▸ **MATERIAL PROVIDED**
-- Opening Marker --

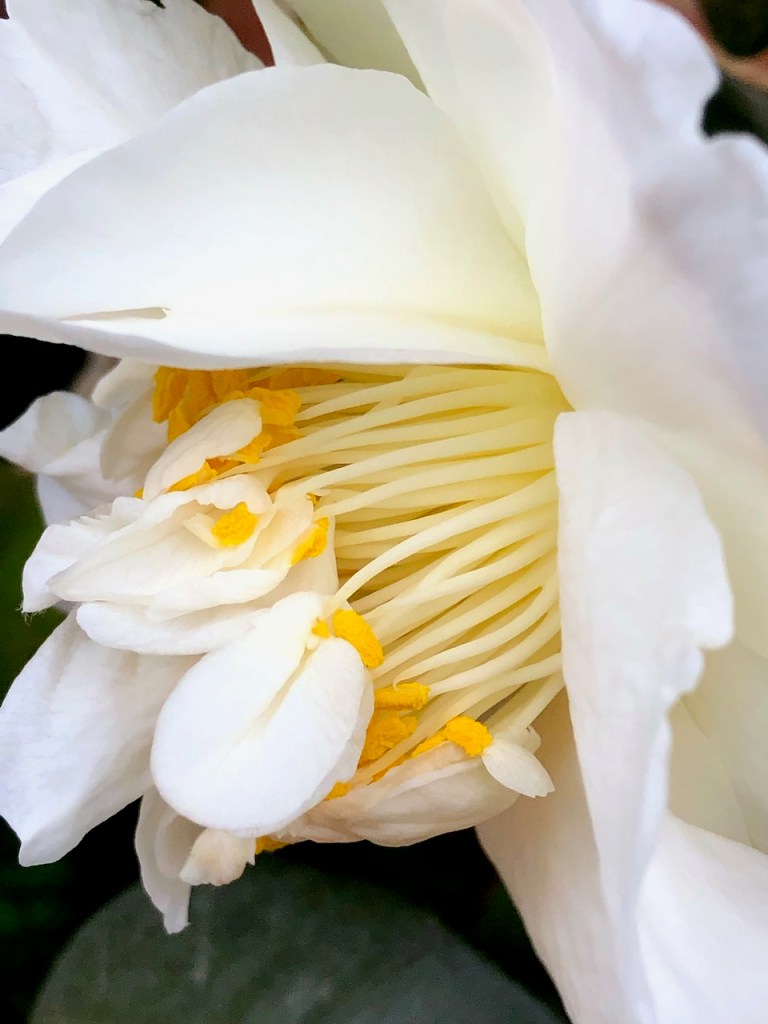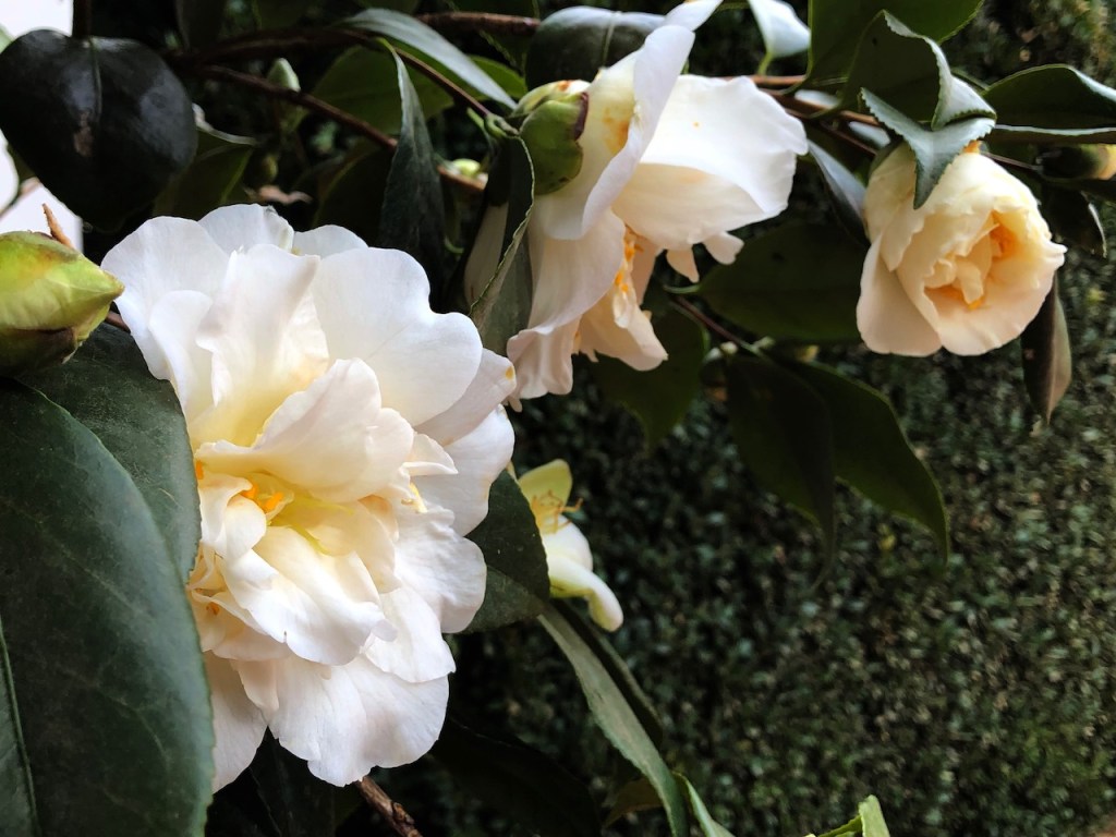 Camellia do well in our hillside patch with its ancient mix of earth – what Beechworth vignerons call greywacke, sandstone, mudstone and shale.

-- Closing Marker --
-- Opening Marker --

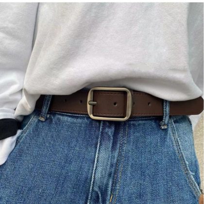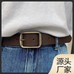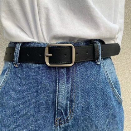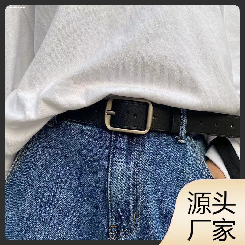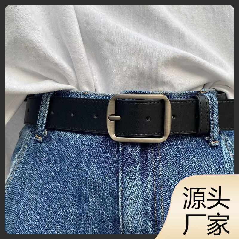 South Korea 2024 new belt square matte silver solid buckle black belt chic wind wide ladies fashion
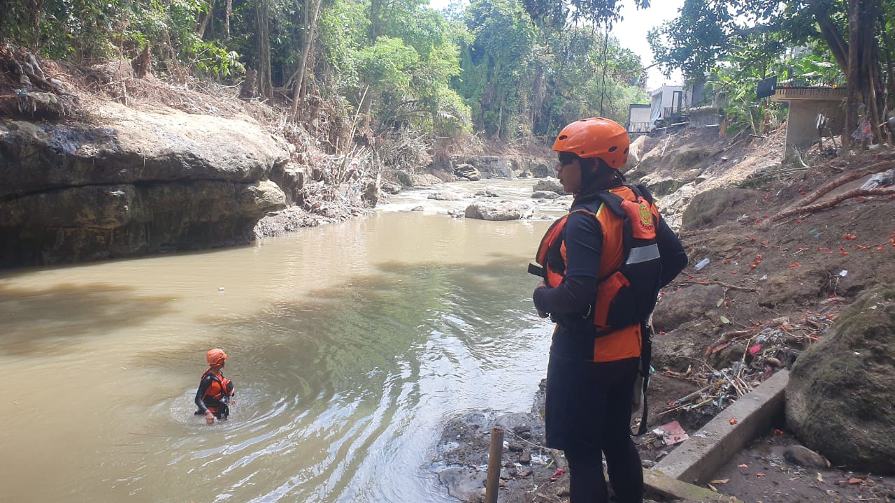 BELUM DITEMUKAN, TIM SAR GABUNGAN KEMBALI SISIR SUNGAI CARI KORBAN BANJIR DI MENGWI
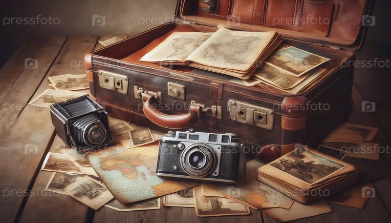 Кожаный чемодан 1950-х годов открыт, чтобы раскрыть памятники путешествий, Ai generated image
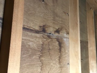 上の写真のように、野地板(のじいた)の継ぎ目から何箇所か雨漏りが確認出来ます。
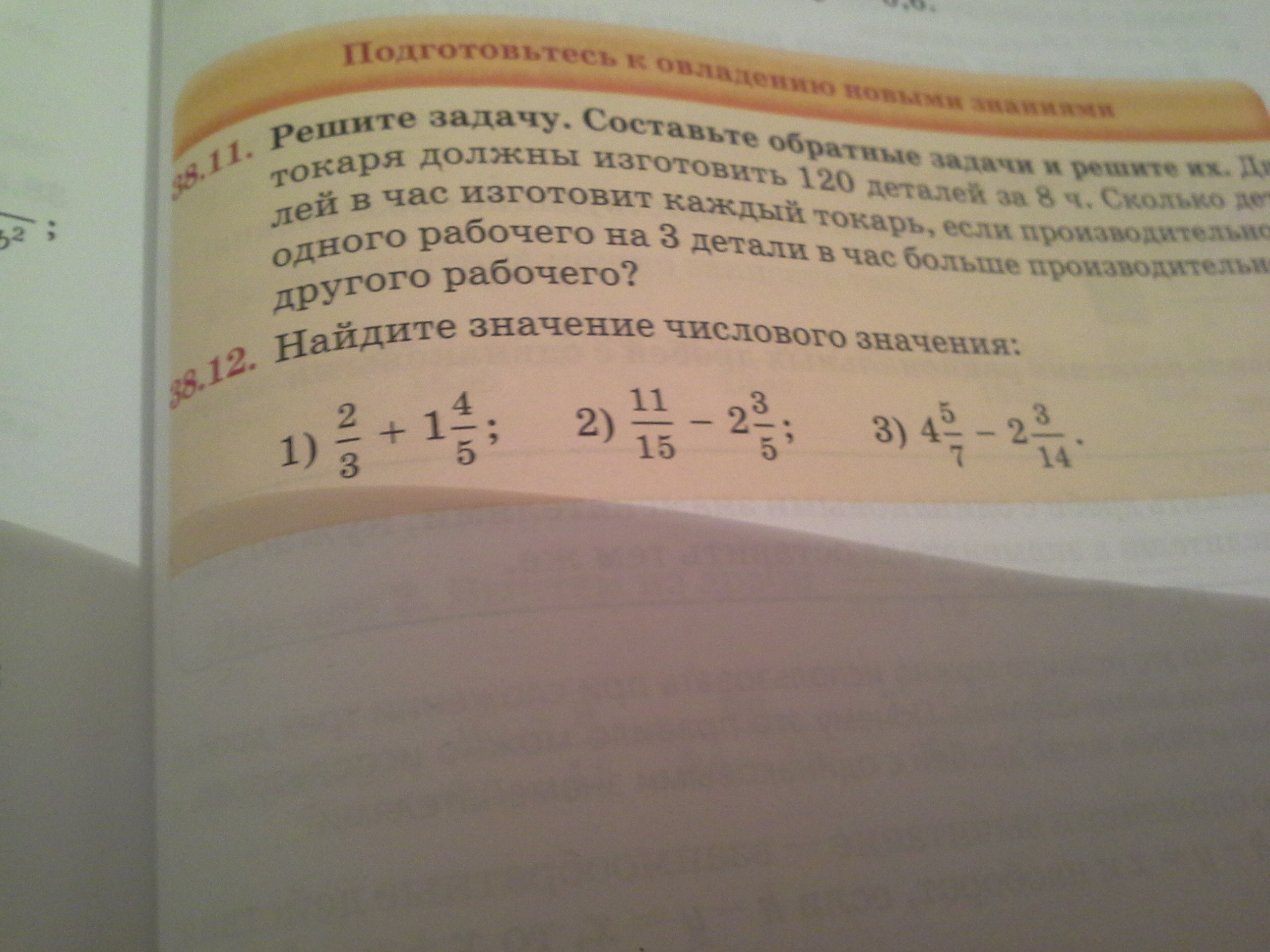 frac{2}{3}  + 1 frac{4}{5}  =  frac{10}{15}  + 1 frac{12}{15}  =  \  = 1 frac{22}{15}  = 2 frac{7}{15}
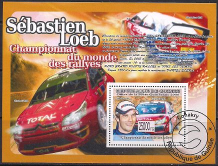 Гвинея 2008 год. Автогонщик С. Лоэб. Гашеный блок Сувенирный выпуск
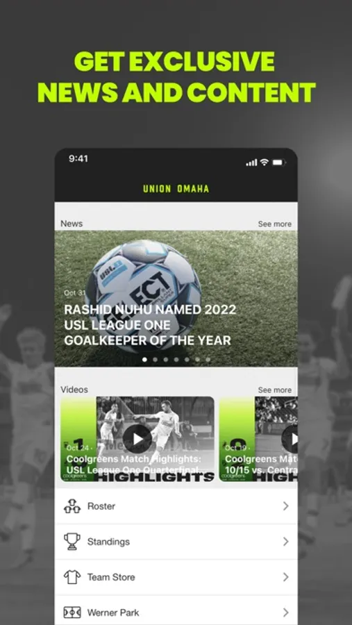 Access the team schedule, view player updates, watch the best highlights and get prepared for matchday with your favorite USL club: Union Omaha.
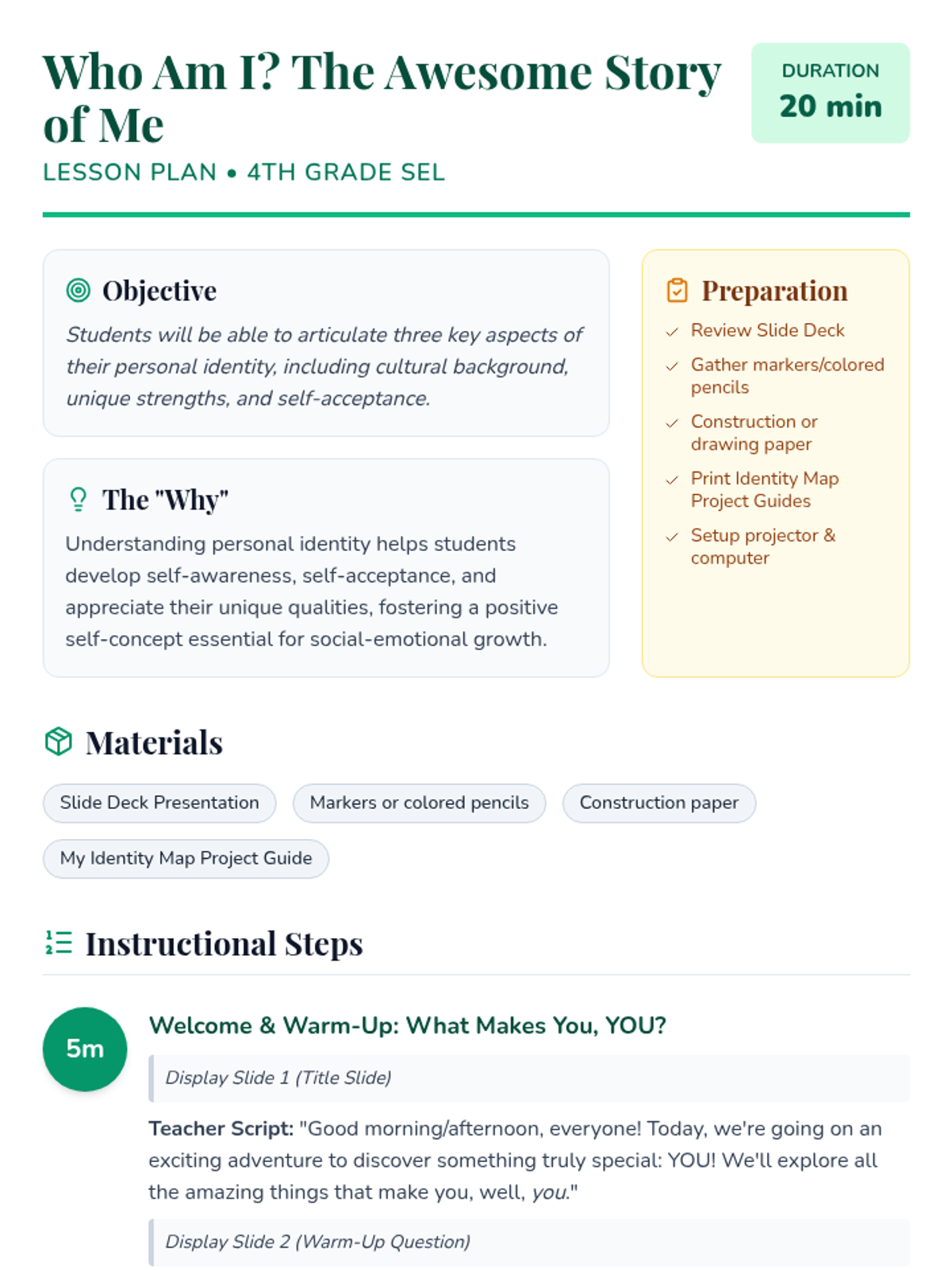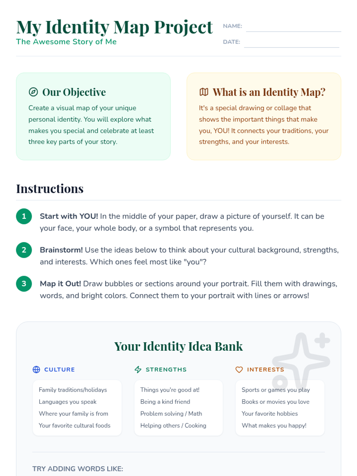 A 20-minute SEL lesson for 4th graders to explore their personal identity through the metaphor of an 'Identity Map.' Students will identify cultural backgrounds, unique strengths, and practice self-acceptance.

-- Closing Marker --
-- Opening Marker --

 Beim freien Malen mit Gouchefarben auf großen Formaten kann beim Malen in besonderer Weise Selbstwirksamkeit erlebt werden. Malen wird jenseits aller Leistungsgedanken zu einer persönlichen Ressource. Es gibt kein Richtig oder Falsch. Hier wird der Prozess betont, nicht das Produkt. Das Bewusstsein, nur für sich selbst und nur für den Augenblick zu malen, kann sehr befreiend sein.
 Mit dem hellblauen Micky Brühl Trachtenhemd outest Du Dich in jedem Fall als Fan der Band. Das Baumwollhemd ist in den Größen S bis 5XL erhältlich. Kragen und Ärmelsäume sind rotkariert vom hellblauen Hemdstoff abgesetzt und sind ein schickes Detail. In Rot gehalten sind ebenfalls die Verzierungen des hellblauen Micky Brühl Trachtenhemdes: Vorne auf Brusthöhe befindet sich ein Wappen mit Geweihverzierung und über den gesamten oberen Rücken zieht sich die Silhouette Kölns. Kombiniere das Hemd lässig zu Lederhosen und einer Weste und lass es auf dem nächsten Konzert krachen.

-- Closing Marker --

▸ **DIRECTIONS FOR THIS TASK**
Return, exactly as they stand, the lines above from the one with "Кожаный чемодан 1950-х" to the one with "Access the team", omitting any pictures among them.

▸ **RESULT BELOW**
 Кожаный чемодан 1950-х годов открыт, чтобы раскрыть памятники путешествий, Ai generated image
 上の写真のように、野地板(のじいた)の継ぎ目から何箇所か雨漏りが確認出来ます。
 frac{2}{3}  + 1 frac{4}{5}  =  frac{10}{15}  + 1 frac{12}{15}  =  \  = 1 frac{22}{15}  = 2 frac{7}{15}
 Гвинея 2008 год. Автогонщик С. Лоэб. Гашеный блок Сувенирный выпуск
 Access the team schedule, view player updates, watch the best highlights and get prepared for matchday with your favorite USL club: Union Omaha.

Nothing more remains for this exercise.